"Lady, you are severe."
"I speak but truth, Captain Bezan, and your own good sense will sustain it."
"I forgot your birth and rank, your wealth-everything. I acknowledge this, in the love I bore you; and, lady, I still feel, that had not my career been thus summarily checked, I might yet have won your love. Nay, lady, do not frown; true love never despairs-never is disheartened—never relinquishes the object that it loves, while there is one ray of light yet left to guide it on. It did seem to me now, when we are parting so surely forever, that it might have been, on your part, more kindly, and that you would, by a smile, or even a tear-drop, for my sake, have thus blessed me, and lightened my heavy steps to the field of execution and of trial."
Isabella Gonzales, as she listened to his words, could no longer suppress her feelings, but covering her face with her hands, she wept for a moment like a child. Pride was of no avail; the heart had asserted its supremacy, and would not be controlled.

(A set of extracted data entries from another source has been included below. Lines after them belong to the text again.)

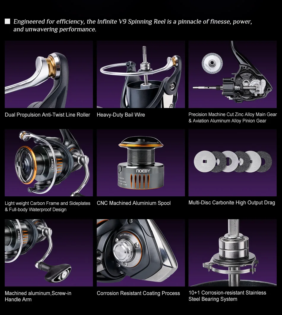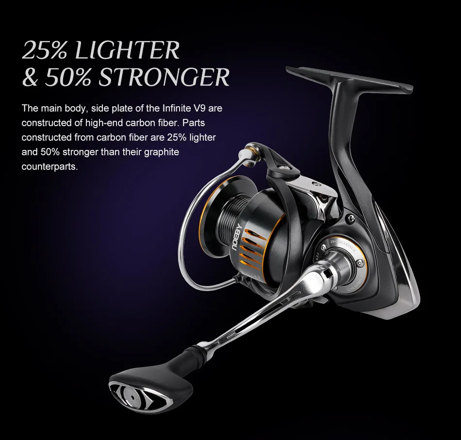 Diseñado para la eficiencia, el carrete giratorio Infinite V9 es un pináculo de finura, potencia y rendimiento inquebrantable.
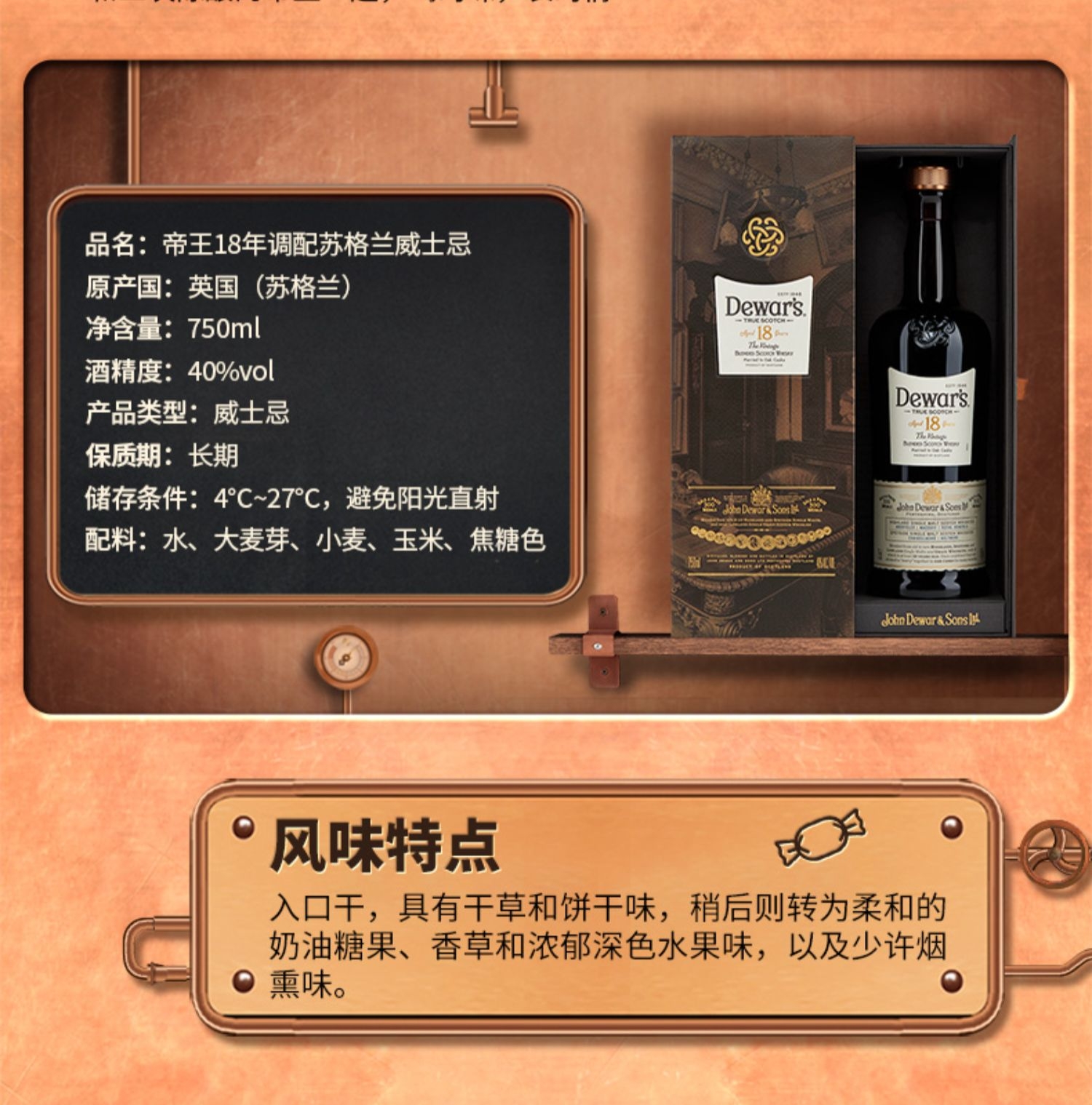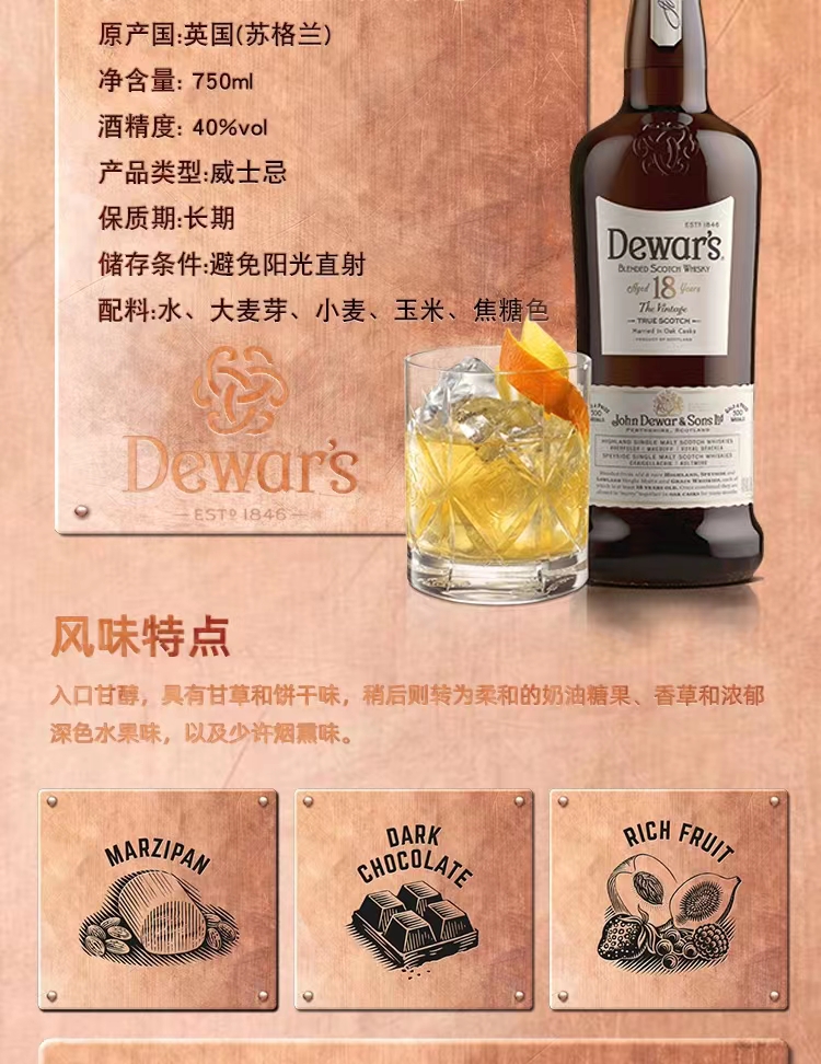 【有税版】帝王18年 Dewar's 18 YO 苏格兰 调配威士忌 750ml
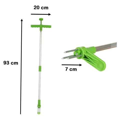 Praktyczny wyrywacz chwastów, który umożliwia pozbycie szkodliwych chwastów bez potrzeby schylania się czy używania środków chemicznych. Niezbędny na każdej działce i w każdym ogrodzie. Tworzywo: aluminium, plastik. Całkowita długość: 93 cm.
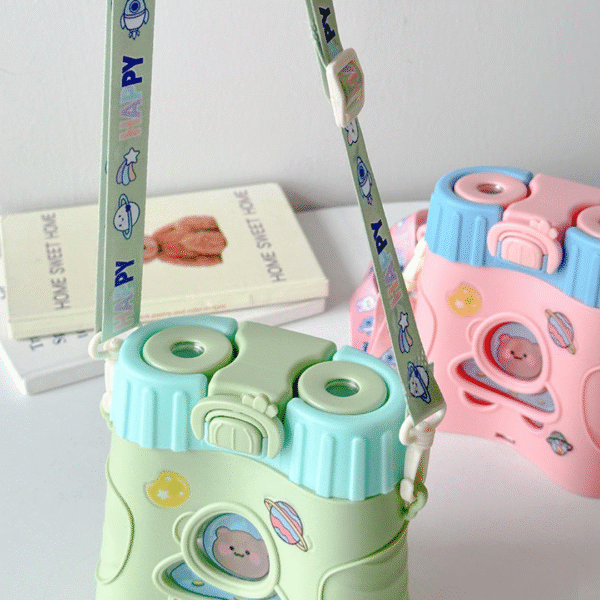 Supply Smiles Cartoon Space Water Bottle with Straw & Strap | Cute Bear Design Portable Kids Bottle (Pink & Green)
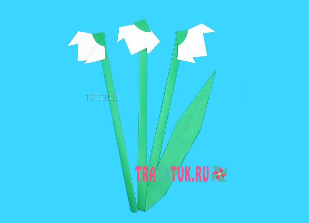Далее по собственному желанию, вырежьте из зеленой бумаги или сложите стебель и лист. Приклейте к ним цветок. Подснежник оригами готов.
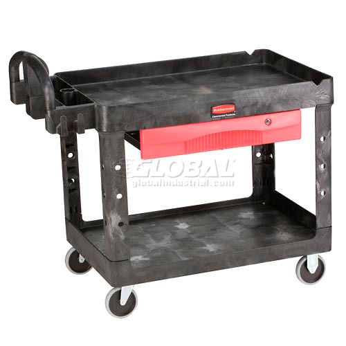 Keeps valuables safe. Fits Rubbermaid Tray Shelf Plastic Service Carts measuring 44"L x 25"W (Model Numbers 241559 and 241561) and 54"L x 25"W (Model Numbers 241562 and 241563). Drawer measures 25"L x 17"W x 4"H. 1 Year Limited Warranty.
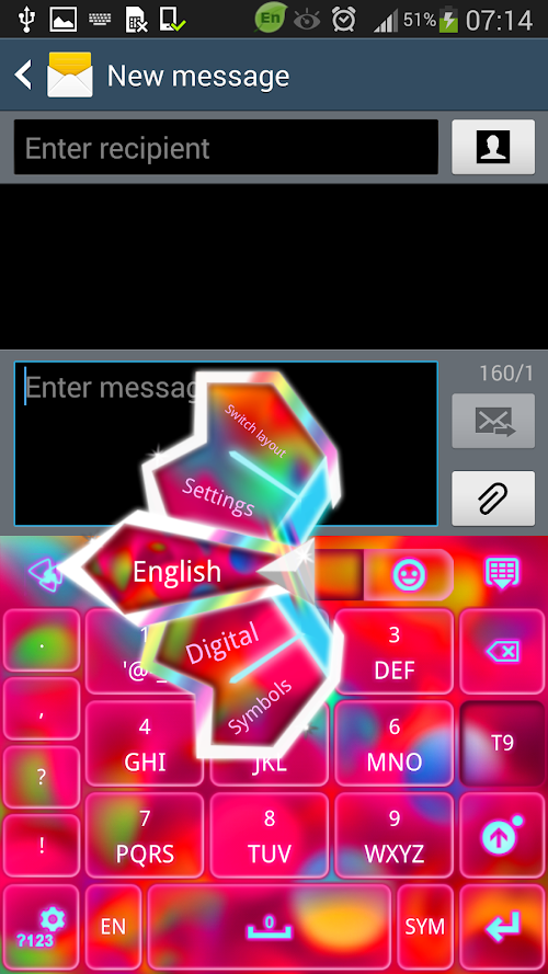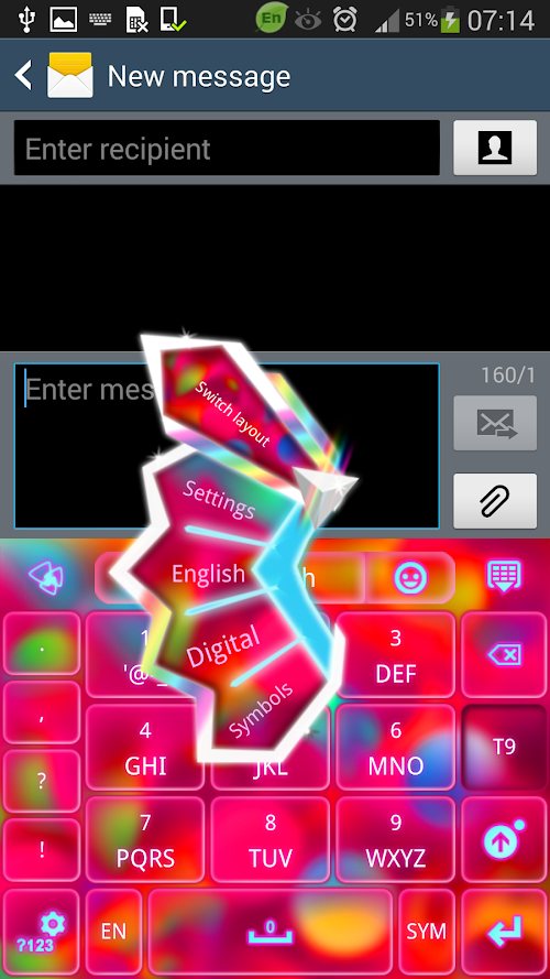 "GO Keyboard Color Bubble Theme" is a vibrant elegant theme, designed by Inner Works Studios, for those who love colors on their keyboard. This shiny new theme has glowing pink buttons set on a bright wallpaper, filled with a rainbow of colors spanning across pink, blue, purple etc. and cute glowing white font to match. It is so colorful and cute that makes your mood very happy. Get the colors of the rainbow with "GO Keyboard Color Bubble Theme"! We hope you enjoy Color Bubble theme!
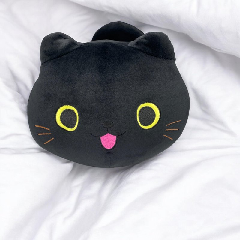 - CUTE DESIGN: Our black cat plush is perfect for fans of stuffed animals, cute plushies, or those who love cat stuff. This cat pillow makes a great addition to any collection of plush toys.

"You take advantage of my woman's heart, sir," she said, at last. "I cannot bear the idea that any one should suffer, and more particularly one who has endeared himself to me and mine by such important service as you have done. Do not think that tears argue aught for the wild tale you have uttered, sir. I would not have you deceive yourself so much; but I am a woman, and cannot view violence or grief unmoved!"
"Say, rather, lady," added the soldier, most earnestly, "that you are pure, beautiful, and good at heart, but that pride, that only alloy of thy most lovely character, chokes its growth in your bosom."
"Sir!"
"Well, Senorita Isabella."
"Enough of this," she said, hastily and much excited. "I must leave you now, captain. It is neither fitting that I should hear, nor that you should utter such words as these to Isabella Gonzales. Farewell!"
"Lady, farewell," replied the prisoner, more by instinct than by any comprehension that she was actually about to leave him.